Firecrawl released Developer Index on August 20, a search layer built specifically for coding agents. It indexes more than 70 million artifacts, including READMEs, issues, pull requests and external documentation, and answers natural-language questions with the matching passages attached. Alongside it, the company published DevDex, an open benchmark for measuring developer-search quality.
What agents are looking for is not a web page
Coding agents burn a large share of their tool calls on lookups. Three patterns dominate: the repository that implements an idea, the documentation page that answers a question, and the issue or pull request where a bug was discussed and fixed.
The trouble is that all three live in different places, scattered across GitHub, documentation sites and threads. Existing search is largely lexical, so it misses things. And pulling a README together with its issues and recent pull requests can mean stitching together more than 50 API calls, Firecrawl says.
The company also describes the customers it built this for: agentic products that debug backends on behalf of end users, teams stitching internal and external repositories into a single retrieval layer, and frontier labs that need open developer documentation, code, issues and pull requests as training and evaluation data. All of them were working around the same gap.
It indexes artifacts, not code
Developer Index holds more than 70 million artifacts: READMEs, pull requests, issues, OpenAPI specs, skills and external documentation. Refreshes run continuously, and most sources are updated daily.

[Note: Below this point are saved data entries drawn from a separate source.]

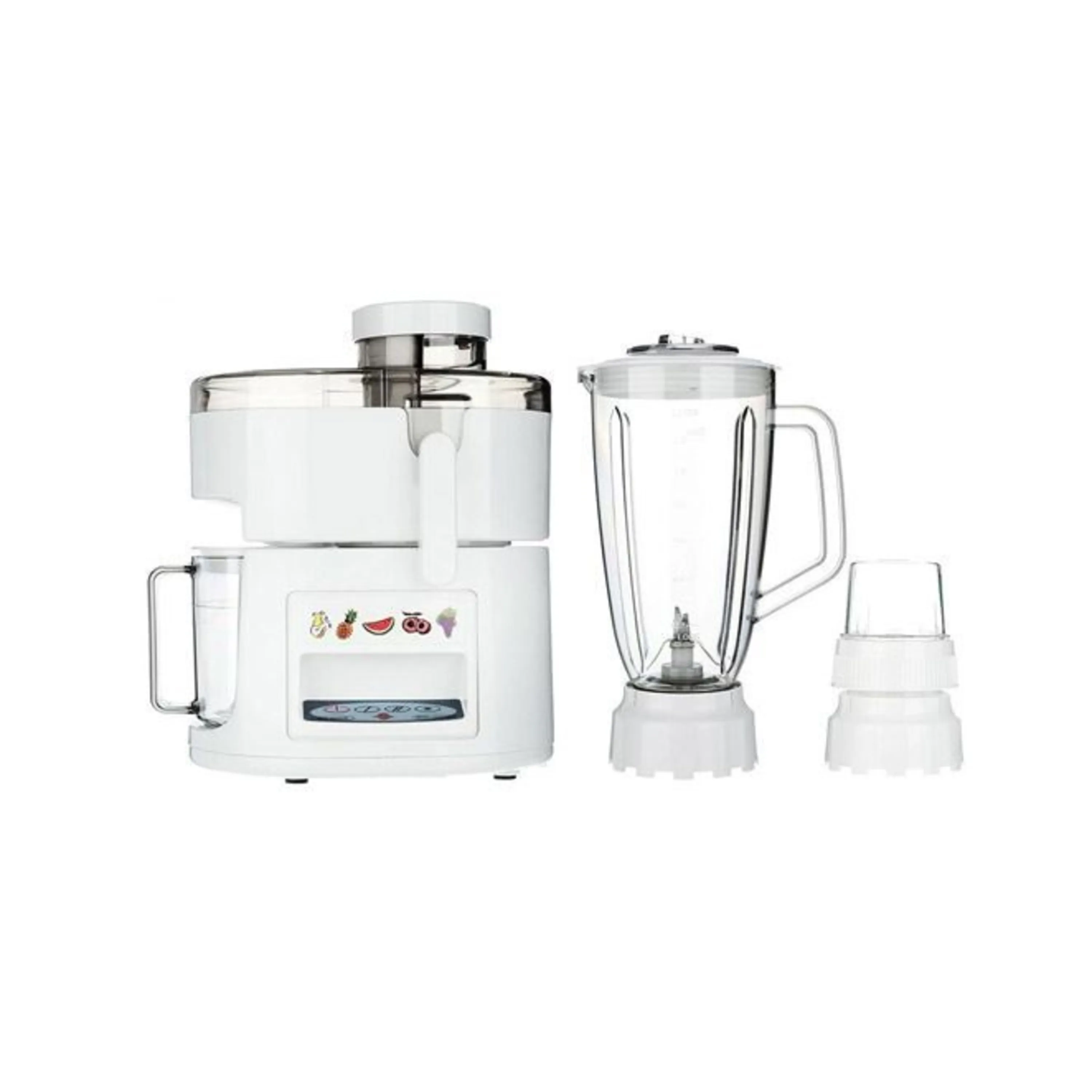 همراه این دستگاه یک عدد مخلوط کن با ظرفیت معمولی و جنس پلاستیک عرضه می گردد. همچنین یک عدد آسیاب مواد خشک نیز همراه این دستگاه است که با آن می توان اکثر گیاهان خشک و دانه های روغنی را خرد و آسیاب نمود. کاردک همراه دستگاه می تواند در خالی کردن تفاله های میوه از آبمیوه گیری و یا هم زدن مواد داخل مخلوط کن و یا حتی خارج کردن مواد آسیاب شده از داخل آسیاب کمک کند.
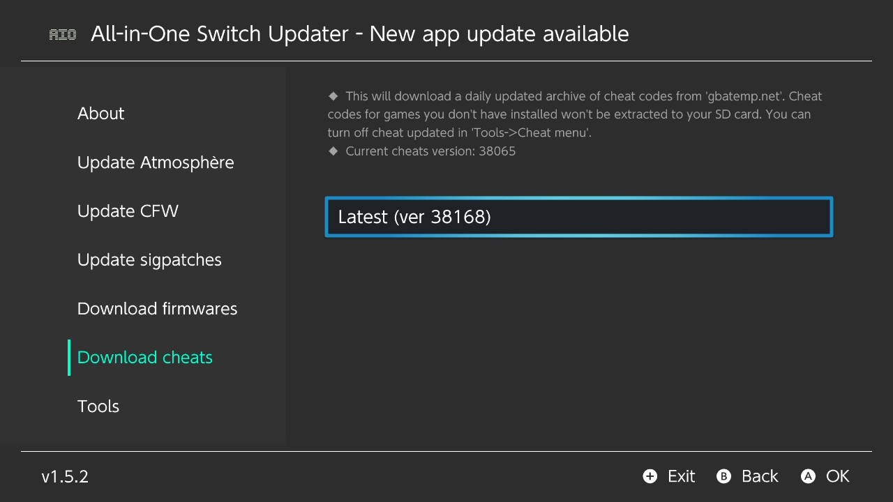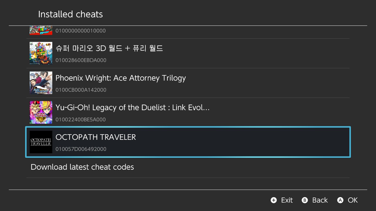 Current cheats version 이 현재 스위치에 저장된 치트파일의 버전입니다.
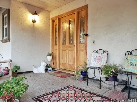Meander the paved driveway, over a seasonal creek bed, past large oaks, evergreens and wildlife to this popular 1,807 SF floor plan. Room for extra parking, your toys, bring your animals too! Livestock, including horses are approved in The Rancho Calaveras subdivision. This home was constructed in 2005 by a well known builder & improved with energy efficient Solar Paneling by the current owners. The covered front porch welcomes you into the expansive living room area, featuring a gas log wood-stove, coffered ceiling w/crown molding & beautiful natural lighting. HUGE Master suite w/lrg. walk-in closet. Extra linen closet in the master bath. Dining area offers access to a fenced back/side yard. Extremely private backyard; room for a pool, play structure, tool shed OR all of the above!
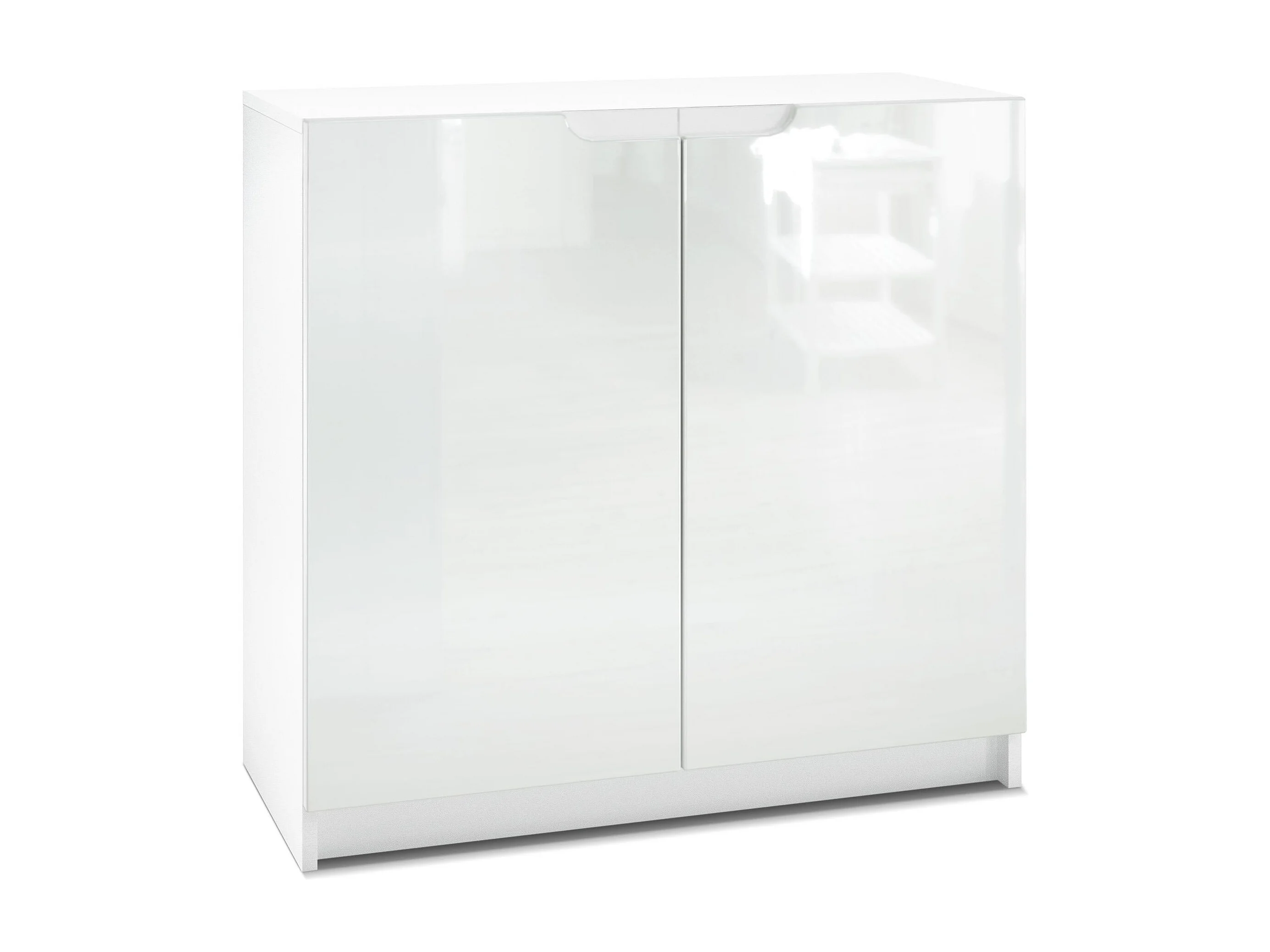 Cajonera Logan, Cómoda con 2 Puertas, blanco mate/blanco de alto brillo (82 x 78 x 37 cm)
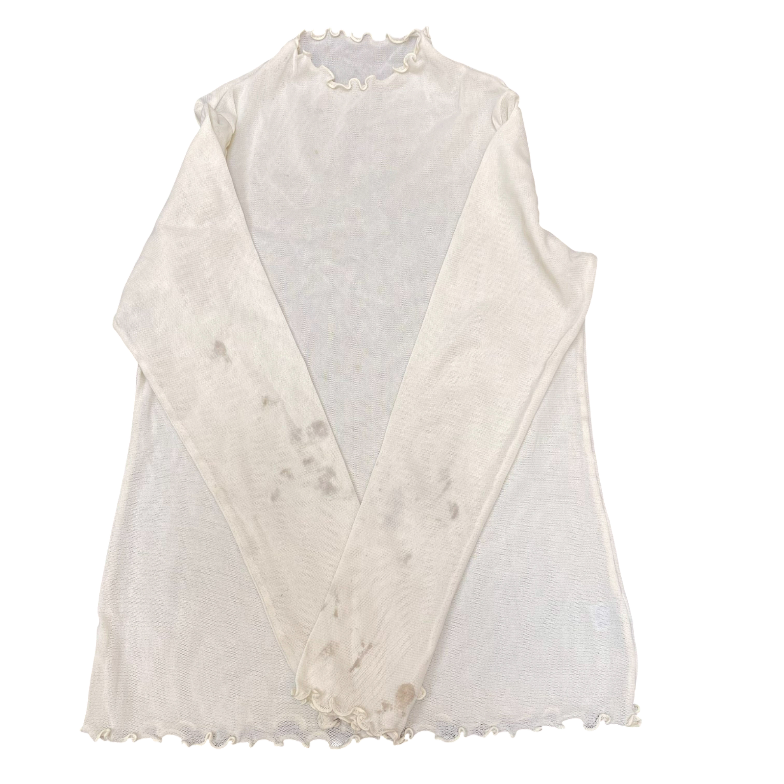 Sheer Mesh Top Womens M White Casual Long Sleeve Crew Neck Casual Outdoor
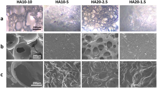 In addition, the microscopic morphology of the lyophilized hydrogel was observed by the scanning electron microscope. Similarly to the images of inverted fluorescence microscope and cryo-scanning electron microscope, HA10-10 and HA20-2.5 had obvious micron-sized porous structures, and the pore size of HA10-10 was larger than that of HA20-2.5. Compared to the cryo-scanning electron microscope images of the hydrogels without lyophilization, the surfaces of HA10-5 and HA20-1.5 became uneven after lyophilization (Figure 2c).
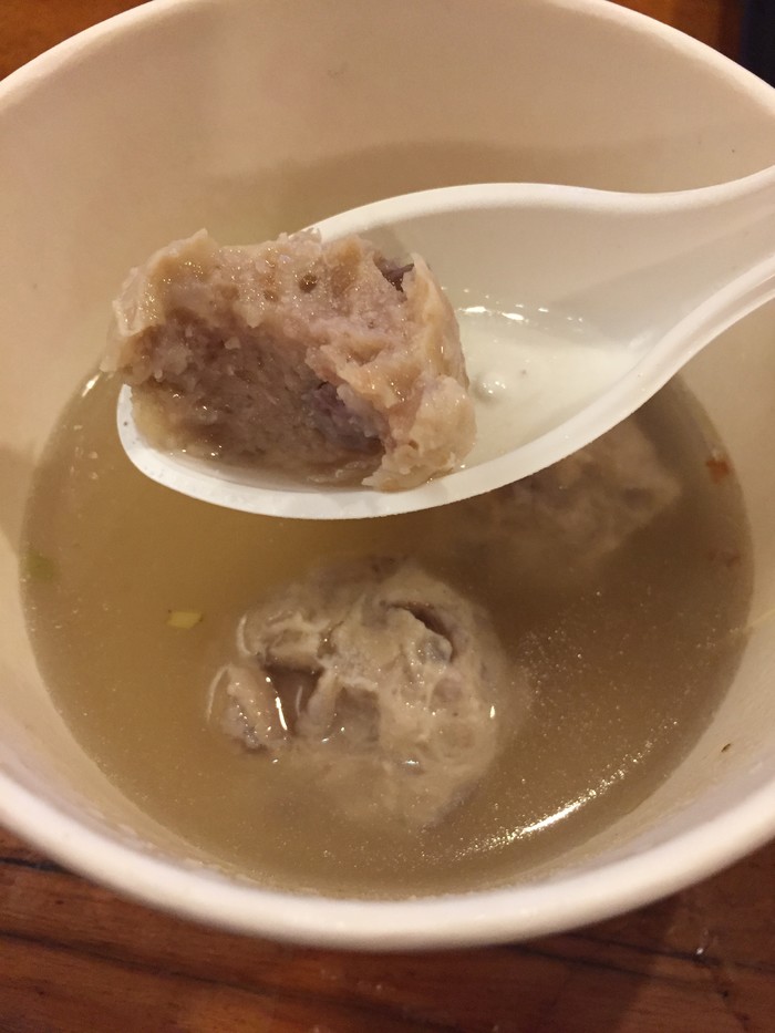 芋脚丸和内地肉丸很像,吃起来劲道加上里面夹杂了芋头、粉粉的,配上鲜美的汤头,不言而喻的美味久久难以忘却。红糟肉圆45T/粒,一份芋脚丸汤45T。
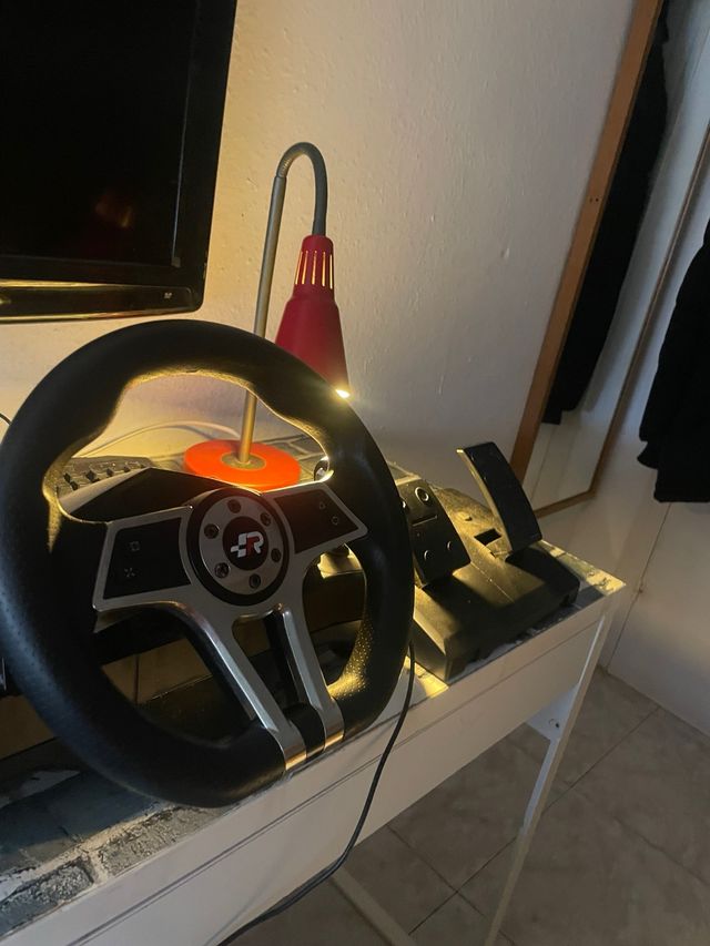 Volante de la marca Thrustmaster. - Diseño deportivo con acabado en cuero. - Base con pedales incluidos.

Issues and pull requests come from top repositories along with their linked artifacts. READMEs cover a broad set of public repositories, and external documentation includes well-structured sources of the kind Stripe publishes. Every artifact carries metadata such as star count, license and artifact type.
The index does not store code, and it is not a general web search endpoint. Firecrawl draws the line clearly: this is a retrieval layer organized around the artifacts coding agents produce and consume.
Two entry points, and no API key needed to start
Usage is straightforward. Send a natural-language question and you get ranked developer results with the passages that matched. Passages come back as Markdown, so tables and code blocks survive intact and the agent can act without a second scrape.
There are two ways in: a dedicated endpoint that returns developer sources only, and the standard search endpoint with a developer category specified. Each result carries a stable ID whose prefix tells you whether it is a document, an issue, a pull request or a README.
Through the API you can filter by type, repository, source, language, topic, license and minimum star count, and there is a setting that searches indexed agent-skill files only. Those filters are API-only. On the CLI and MCP surfaces, agents actually perform better without them, so Firecrawl deliberately leaves them out.
No API key is required to try it, and adding one raises the rate limits. Pricing is 2 credits per 10 results, rounded up.
npx -y firecrawl-cli@latest setup developer-index
It ships through the API, CLI, MCP and the SDKs, and plugs into harnesses already in use, including Codex, Claude Code and Grok Build.
A yardstick shipped alongside the product
The more interesting move is that Firecrawl published a benchmark at the same time. DevDex exists because standard search benchmarks do not reflect what agents actually look up while writing code.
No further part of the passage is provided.